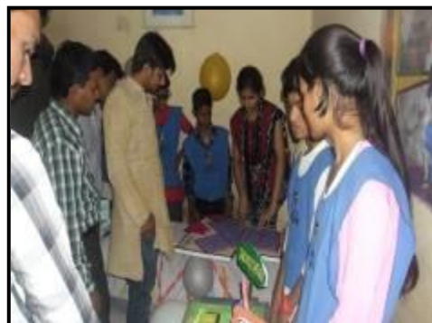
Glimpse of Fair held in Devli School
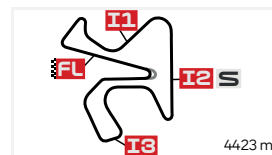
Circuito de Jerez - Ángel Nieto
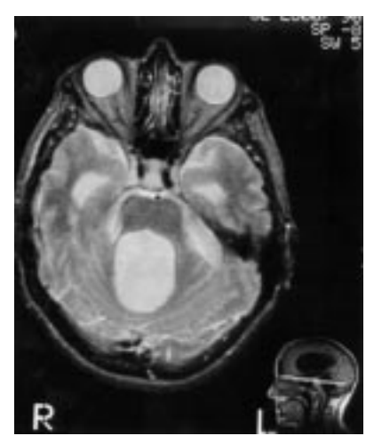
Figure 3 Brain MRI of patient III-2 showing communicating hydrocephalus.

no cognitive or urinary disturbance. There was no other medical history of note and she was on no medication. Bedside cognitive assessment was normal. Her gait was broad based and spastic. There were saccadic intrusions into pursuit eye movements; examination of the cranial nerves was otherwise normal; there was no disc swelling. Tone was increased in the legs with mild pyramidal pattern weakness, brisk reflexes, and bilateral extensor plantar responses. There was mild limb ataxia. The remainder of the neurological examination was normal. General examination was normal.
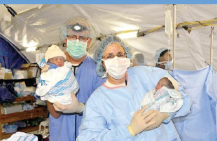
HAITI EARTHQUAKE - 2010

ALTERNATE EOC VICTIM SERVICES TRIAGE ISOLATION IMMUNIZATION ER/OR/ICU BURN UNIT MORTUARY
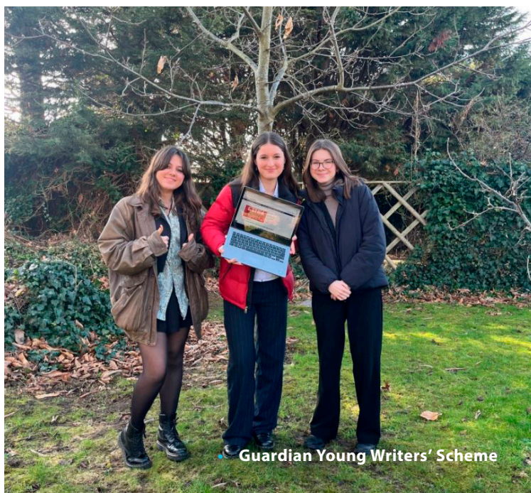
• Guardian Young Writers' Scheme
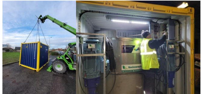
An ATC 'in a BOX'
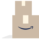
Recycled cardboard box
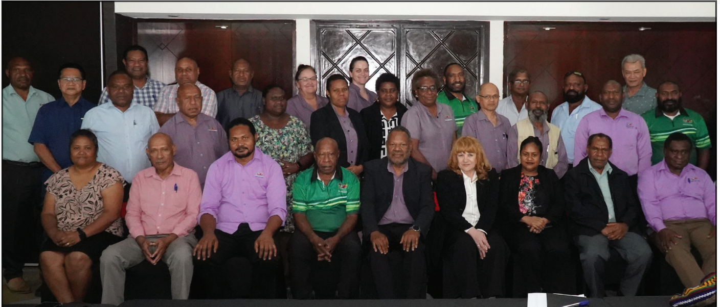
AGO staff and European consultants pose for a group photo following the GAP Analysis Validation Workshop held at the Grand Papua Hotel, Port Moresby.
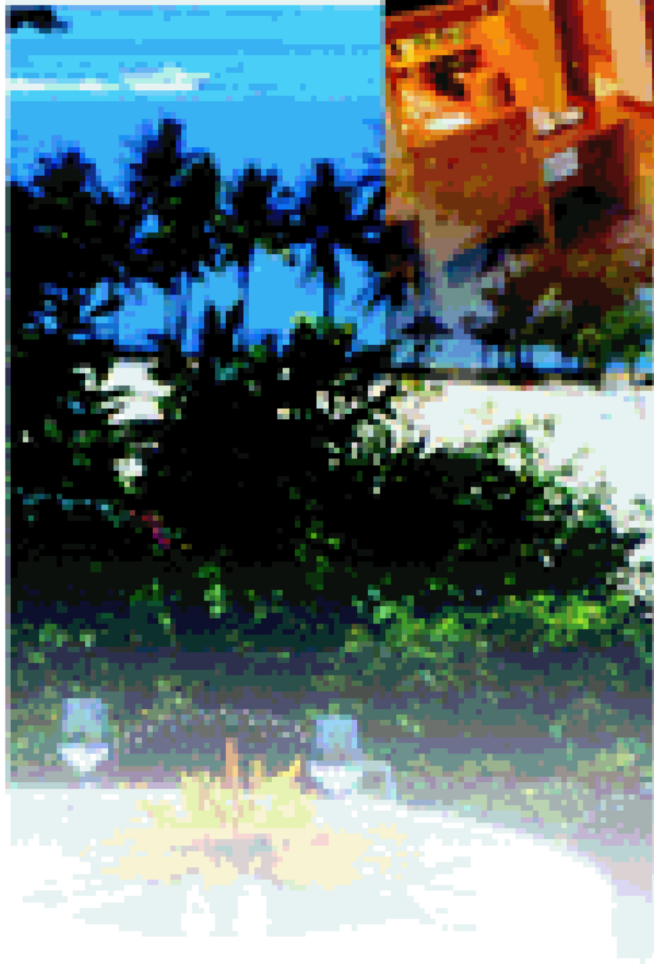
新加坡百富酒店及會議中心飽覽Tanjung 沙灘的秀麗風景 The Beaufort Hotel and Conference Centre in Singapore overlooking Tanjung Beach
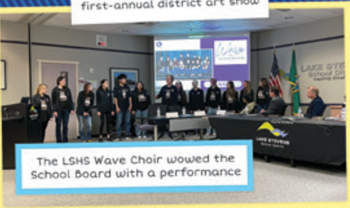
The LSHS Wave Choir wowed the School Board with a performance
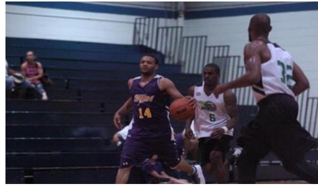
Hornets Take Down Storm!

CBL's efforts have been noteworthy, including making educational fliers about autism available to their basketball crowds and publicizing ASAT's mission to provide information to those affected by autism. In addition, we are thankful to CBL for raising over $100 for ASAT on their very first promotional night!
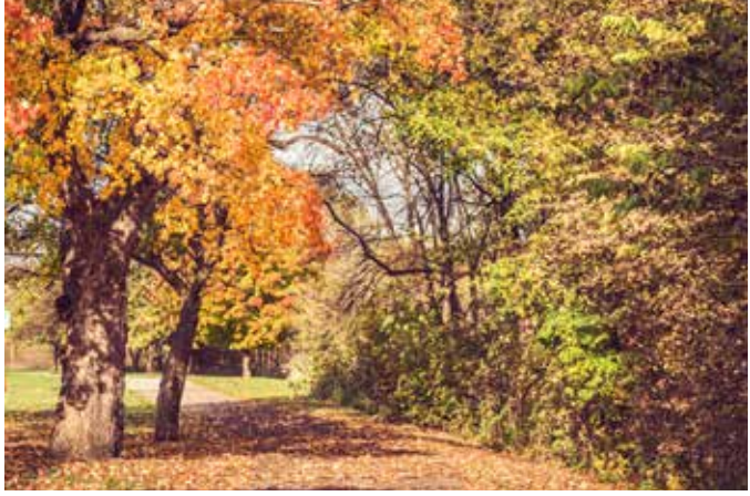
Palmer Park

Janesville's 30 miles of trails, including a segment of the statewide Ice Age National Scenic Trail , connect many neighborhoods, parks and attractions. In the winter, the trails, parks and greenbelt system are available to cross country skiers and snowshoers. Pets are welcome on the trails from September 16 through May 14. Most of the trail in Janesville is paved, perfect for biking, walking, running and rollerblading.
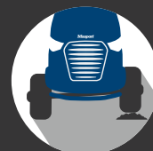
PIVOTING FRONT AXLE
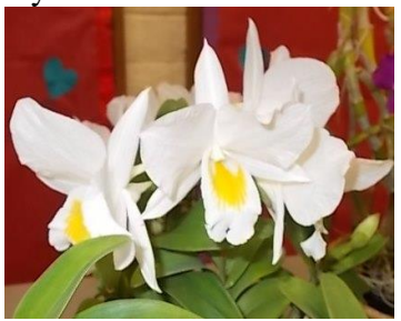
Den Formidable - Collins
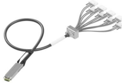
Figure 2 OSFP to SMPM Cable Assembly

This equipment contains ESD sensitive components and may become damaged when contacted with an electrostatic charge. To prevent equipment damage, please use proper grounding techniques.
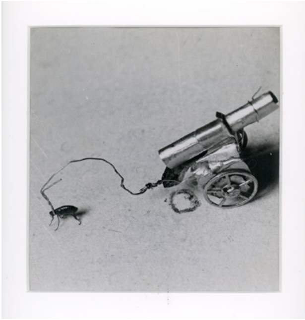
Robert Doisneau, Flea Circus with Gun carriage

########

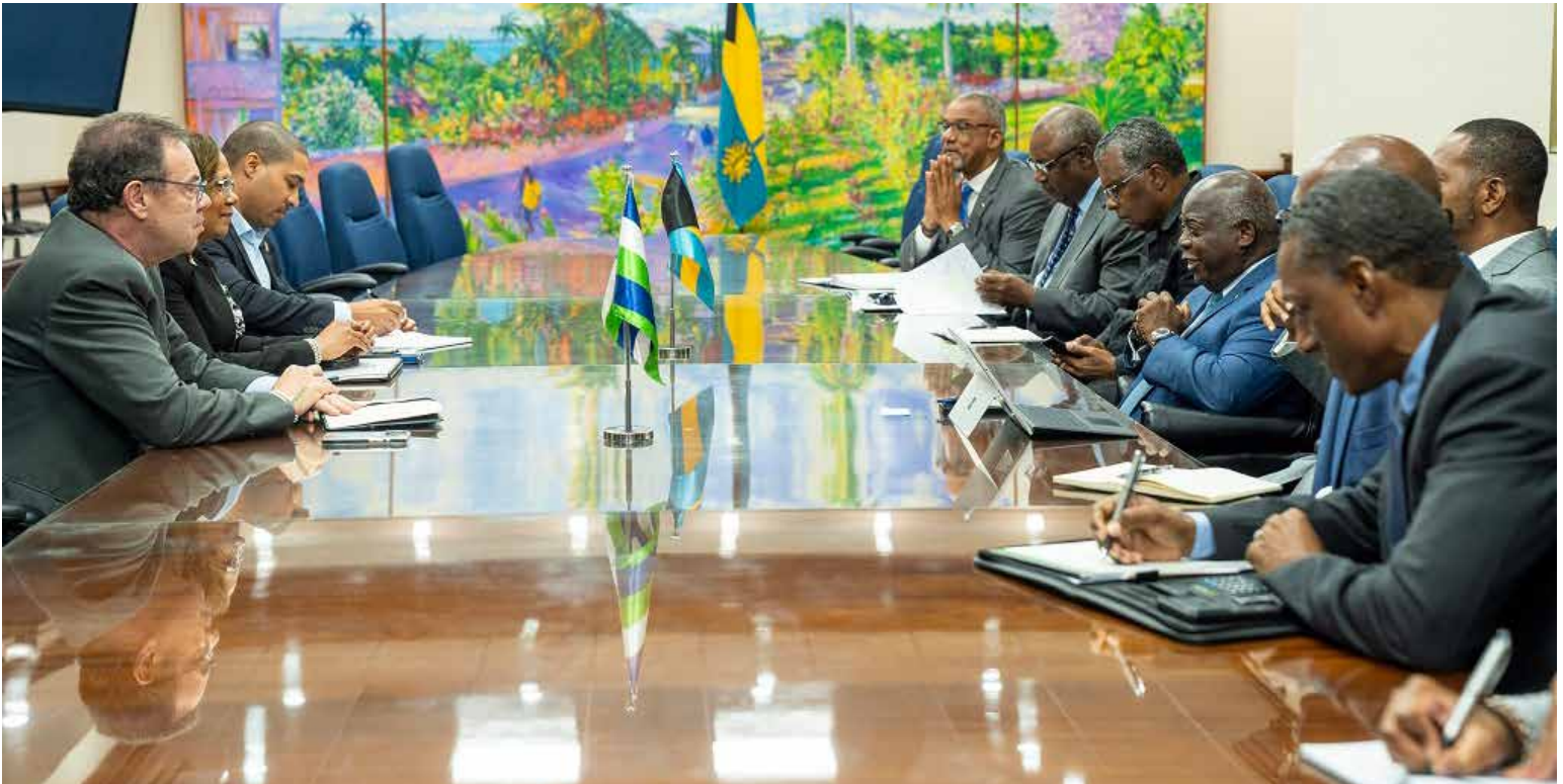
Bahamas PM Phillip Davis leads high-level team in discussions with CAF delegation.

########

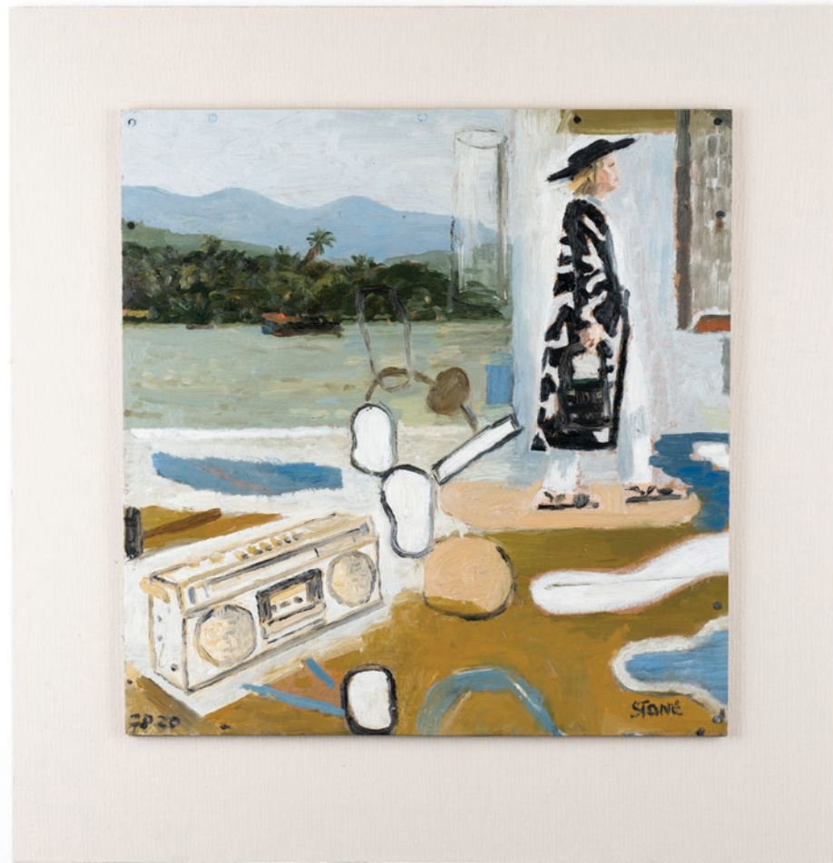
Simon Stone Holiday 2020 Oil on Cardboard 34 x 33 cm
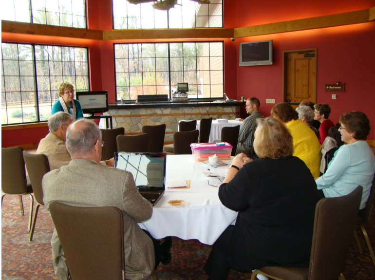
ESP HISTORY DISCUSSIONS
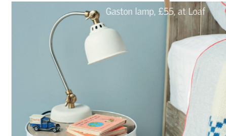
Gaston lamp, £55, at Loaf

########

Because only one stretch of the records is wanted, please output the lines from the one holding "no cognitive or" through the one holding "Recycled cardboard box" exactly, both included, and leave every picture out.

◆ Response for this exercise:
no cognitive or urinary disturbance. There was no other medical history of note and she was on no medication. Bedside cognitive assessment was normal. Her gait was broad based and spastic. There were saccadic intrusions into pursuit eye movements; examination of the cranial nerves was otherwise normal; there was no disc swelling. Tone was increased in the legs with mild pyramidal pattern weakness, brisk reflexes, and bilateral extensor plantar responses. There was mild limb ataxia. The remainder of the neurological examination was normal. General examination was normal.
HAITI EARTHQUAKE - 2010

ALTERNATE EOC VICTIM SERVICES TRIAGE ISOLATION IMMUNIZATION ER/OR/ICU BURN UNIT MORTUARY
• Guardian Young Writers' Scheme
An ATC 'in a BOX'
Recycled cardboard box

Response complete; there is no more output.